### Recorded data
-------------------------

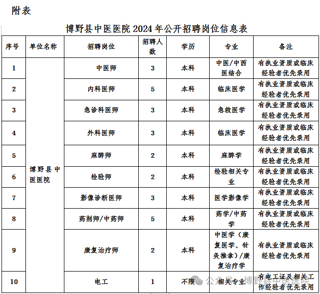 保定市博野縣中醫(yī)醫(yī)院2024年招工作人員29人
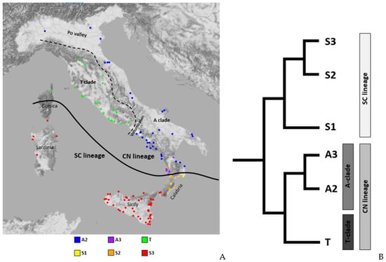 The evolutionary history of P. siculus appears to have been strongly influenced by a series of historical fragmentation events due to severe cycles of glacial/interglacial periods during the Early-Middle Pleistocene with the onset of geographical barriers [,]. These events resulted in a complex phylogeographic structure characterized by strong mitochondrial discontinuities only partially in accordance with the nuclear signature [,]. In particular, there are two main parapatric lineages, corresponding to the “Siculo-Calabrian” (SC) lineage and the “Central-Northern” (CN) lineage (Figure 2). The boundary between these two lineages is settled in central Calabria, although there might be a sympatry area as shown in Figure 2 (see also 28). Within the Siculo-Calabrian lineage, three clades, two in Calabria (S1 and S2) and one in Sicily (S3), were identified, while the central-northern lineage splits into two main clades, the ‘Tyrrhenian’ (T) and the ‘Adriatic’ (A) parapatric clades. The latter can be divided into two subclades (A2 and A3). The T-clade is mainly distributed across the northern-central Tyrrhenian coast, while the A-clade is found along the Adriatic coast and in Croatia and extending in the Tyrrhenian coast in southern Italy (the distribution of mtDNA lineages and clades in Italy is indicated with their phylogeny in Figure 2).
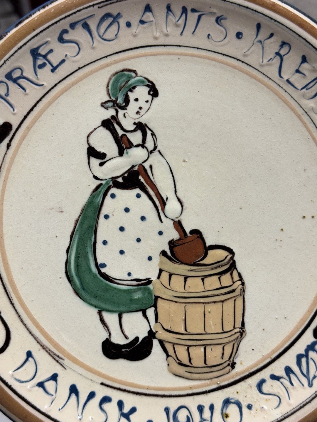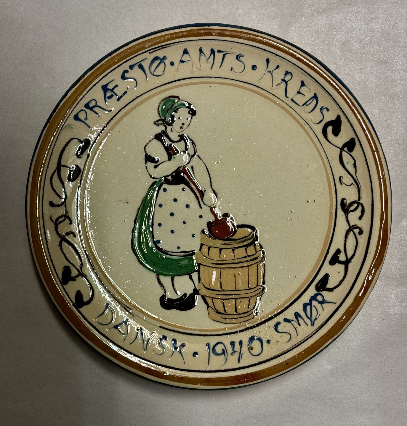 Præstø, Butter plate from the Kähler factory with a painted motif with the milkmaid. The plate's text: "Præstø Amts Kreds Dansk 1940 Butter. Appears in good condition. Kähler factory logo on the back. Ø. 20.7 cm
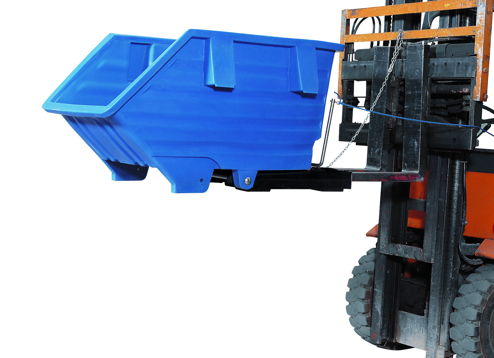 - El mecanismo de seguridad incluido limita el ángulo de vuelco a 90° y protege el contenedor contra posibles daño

-------------------------

### Your instructions
All of the data above is to be repeated exactly, with the pictures left out.

### Exercise response
 保定市博野縣中醫(yī)醫(yī)院2024年招工作人員29人
 The evolutionary history of P. siculus appears to have been strongly influenced by a series of historical fragmentation events due to severe cycles of glacial/interglacial periods during the Early-Middle Pleistocene with the onset of geographical barriers [,]. These events resulted in a complex phylogeographic structure characterized by strong mitochondrial discontinuities only partially in accordance with the nuclear signature [,]. In particular, there are two main parapatric lineages, corresponding to the “Siculo-Calabrian” (SC) lineage and the “Central-Northern” (CN) lineage (Figure 2). The boundary between these two lineages is settled in central Calabria, although there might be a sympatry area as shown in Figure 2 (see also 28). Within the Siculo-Calabrian lineage, three clades, two in Calabria (S1 and S2) and one in Sicily (S3), were identified, while the central-northern lineage splits into two main clades, the ‘Tyrrhenian’ (T) and the ‘Adriatic’ (A) parapatric clades. The latter can be divided into two subclades (A2 and A3). The T-clade is mainly distributed across the northern-central Tyrrhenian coast, while the A-clade is found along the Adriatic coast and in Croatia and extending in the Tyrrhenian coast in southern Italy (the distribution of mtDNA lineages and clades in Italy is indicated with their phylogeny in Figure 2).
 Præstø, Butter plate from the Kähler factory with a painted motif with the milkmaid. The plate's text: "Præstø Amts Kreds Dansk 1940 Butter. Appears in good condition. Kähler factory logo on the back. Ø. 20.7 cm
 - El mecanismo de seguridad incluido limita el ángulo de vuelco a 90° y protege el contenedor contra posibles daño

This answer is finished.